▶ Problem to solve
Pictures do not belong in the copy; retype the records below exactly.

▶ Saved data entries
+ + + + +

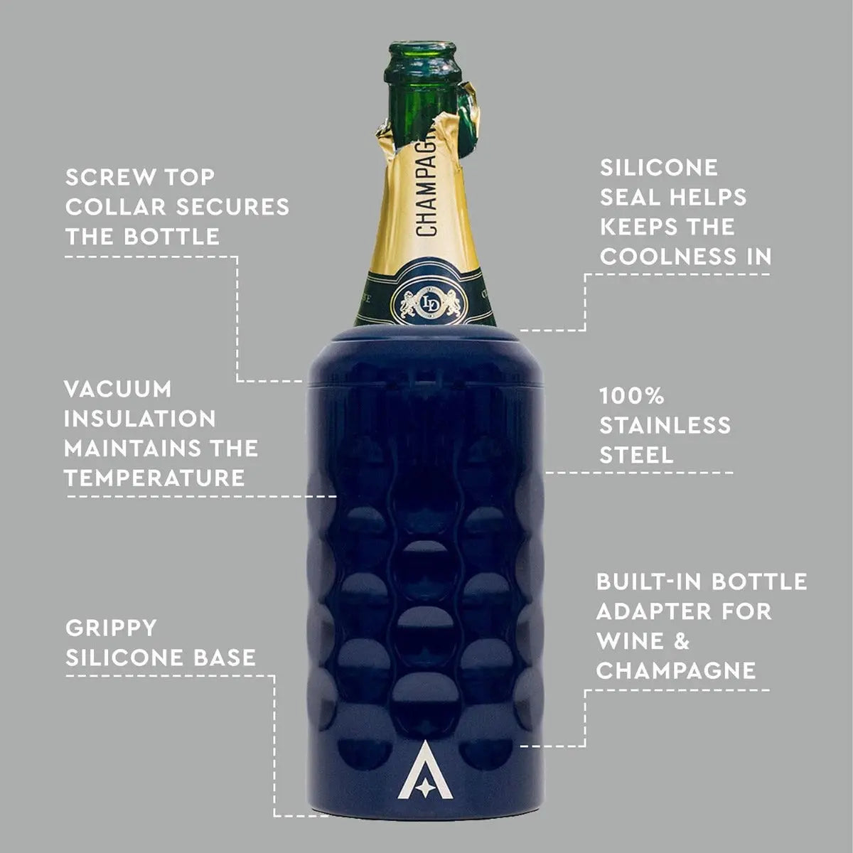 Der Kühler verfügt über einen Schraubverschluss, der die Kälte im Inneren hält und gleichzeitig das Eindringen von Wärme verhindert. Ein integrierter Adapter ermöglicht die Kompatibilität sowohl mit Wein- als auch mit Champagnerflaschen. Zudem schützt eine gummierte Basis den Untergrund und bietet zusätzliche Stabilität.
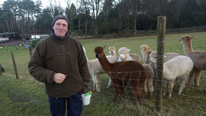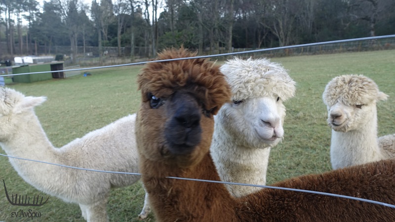 Μάς άφησε να περιεργαστούμε. Τα σπάνια αυτά ζώα ζουν κυρίως στις Άνδεις, στο Περού και τη Χιλή, της Λατινικής Αμερικής. Στο σχετικά κρύο κλίμα του Εδιμβούργου έχουν προσαρμοστεί. Είχε περίπου 80 ζώα. Τα είχε για το μαλλί τους, που είναι ξεχωριστό. Τα ζώα ήταν πολύ φιλικά. Μάς πλησίασαν και μάς κοίταγαν που τα κοιτάγαμε. Τα χαδέψαμε. Όμως όταν κατάλαβαν πως δεν θα τα ταΐζαμε έστρεψαν το ενδιαφέρον τους προς τον σκωτσέζο αγρότη.
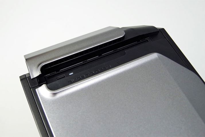 天面カバーは若干スライドする仕様となっており、開けると薄型のDVDスーパーマルチドライブが上向きに備わっているのが見える。使わないときはカバーを閉めておけば、ホコリなども入りづらい
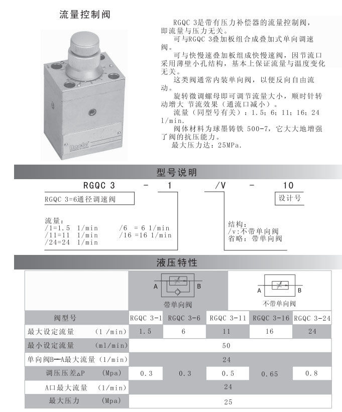 詳細(xì)信息 RGQC3-1-10,RGQC3-6-10,RGQC3-11-10,RGQC3-16-10,RGQC3-24-10,流量控制閥
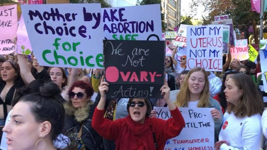 The overwhelmingly young and diverse crowd had responded to the callout to bring creative signs making the point. They included: “My body, My choice”, “Abortion is healthcare”, “Keep your filthy paws off my silky drawers” and “Ovary-acting? I think not”, “Don’t fuck with my freedom”, “Mind your own uterus! Oh wait, you don’t have one”, and “Keep abortion safe and legal and accessible”.
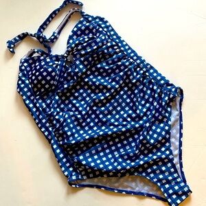 Womens Sexy One Piece Swimsuit Tie Back Blue Checkered Gingham Bikini Swimwear
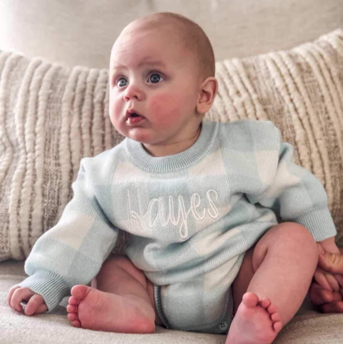 Each romper can be personalized with one or two names, embroidered in your choice of thread color and font, making it a meaningful keepsake for birth announcements, first photos, and baby’s earliest milestones.
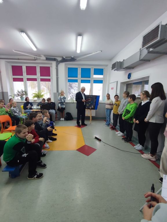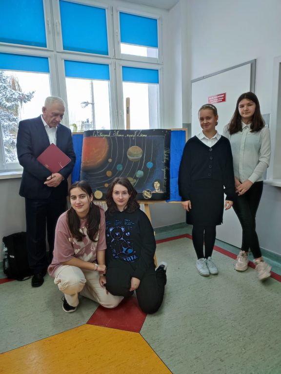 Dnia 28 listopada 2023 r. w naszej szkole odbył się konkurs wiedzy o Mikołaju Koperniku dla uczniów klas IV - VII. Każdą klasę reprezentowała dwuosobowa drużyna. Konkurs składał się z dwóch etapów: eliminacji i finału, w których uczestnicy odpowiadali na wylosowane pytania. Największą ilość punktów uzyskały równorzędnie drużyna z klasy VI w składzie: Paulina Kosoń i Maja Wolska oraz drużyna z klasy VII w składzie: Zuzanna Biskup i Marcelina Cieśla.

+ + + + +

▶ Answer to this task
 Der Kühler verfügt über einen Schraubverschluss, der die Kälte im Inneren hält und gleichzeitig das Eindringen von Wärme verhindert. Ein integrierter Adapter ermöglicht die Kompatibilität sowohl mit Wein- als auch mit Champagnerflaschen. Zudem schützt eine gummierte Basis den Untergrund und bietet zusätzliche Stabilität.
 Μάς άφησε να περιεργαστούμε. Τα σπάνια αυτά ζώα ζουν κυρίως στις Άνδεις, στο Περού και τη Χιλή, της Λατινικής Αμερικής. Στο σχετικά κρύο κλίμα του Εδιμβούργου έχουν προσαρμοστεί. Είχε περίπου 80 ζώα. Τα είχε για το μαλλί τους, που είναι ξεχωριστό. Τα ζώα ήταν πολύ φιλικά. Μάς πλησίασαν και μάς κοίταγαν που τα κοιτάγαμε. Τα χαδέψαμε. Όμως όταν κατάλαβαν πως δεν θα τα ταΐζαμε έστρεψαν το ενδιαφέρον τους προς τον σκωτσέζο αγρότη.
 天面カバーは若干スライドする仕様となっており、開けると薄型のDVDスーパーマルチドライブが上向きに備わっているのが見える。使わないときはカバーを閉めておけば、ホコリなども入りづらい
 詳細(xì)信息 RGQC3-1-10,RGQC3-6-10,RGQC3-11-10,RGQC3-16-10,RGQC3-24-10,流量控制閥
 The overwhelmingly young and diverse crowd had responded to the callout to bring creative signs making the point. They included: “My body, My choice”, “Abortion is healthcare”, “Keep your filthy paws off my silky drawers” and “Ovary-acting? I think not”, “Don’t fuck with my freedom”, “Mind your own uterus! Oh wait, you don’t have one”, and “Keep abortion safe and legal and accessible”.
 Womens Sexy One Piece Swimsuit Tie Back Blue Checkered Gingham Bikini Swimwear
 Each romper can be personalized with one or two names, embroidered in your choice of thread color and font, making it a meaningful keepsake for birth announcements, first photos, and baby’s earliest milestones.
 Dnia 28 listopada 2023 r. w naszej szkole odbył się konkurs wiedzy o Mikołaju Koperniku dla uczniów klas IV - VII. Każdą klasę reprezentowała dwuosobowa drużyna. Konkurs składał się z dwóch etapów: eliminacji i finału, w których uczestnicy odpowiadali na wylosowane pytania. Największą ilość punktów uzyskały równorzędnie drużyna z klasy VI w składzie: Paulina Kosoń i Maja Wolska oraz drużyna z klasy VII w składzie: Zuzanna Biskup i Marcelina Cieśla.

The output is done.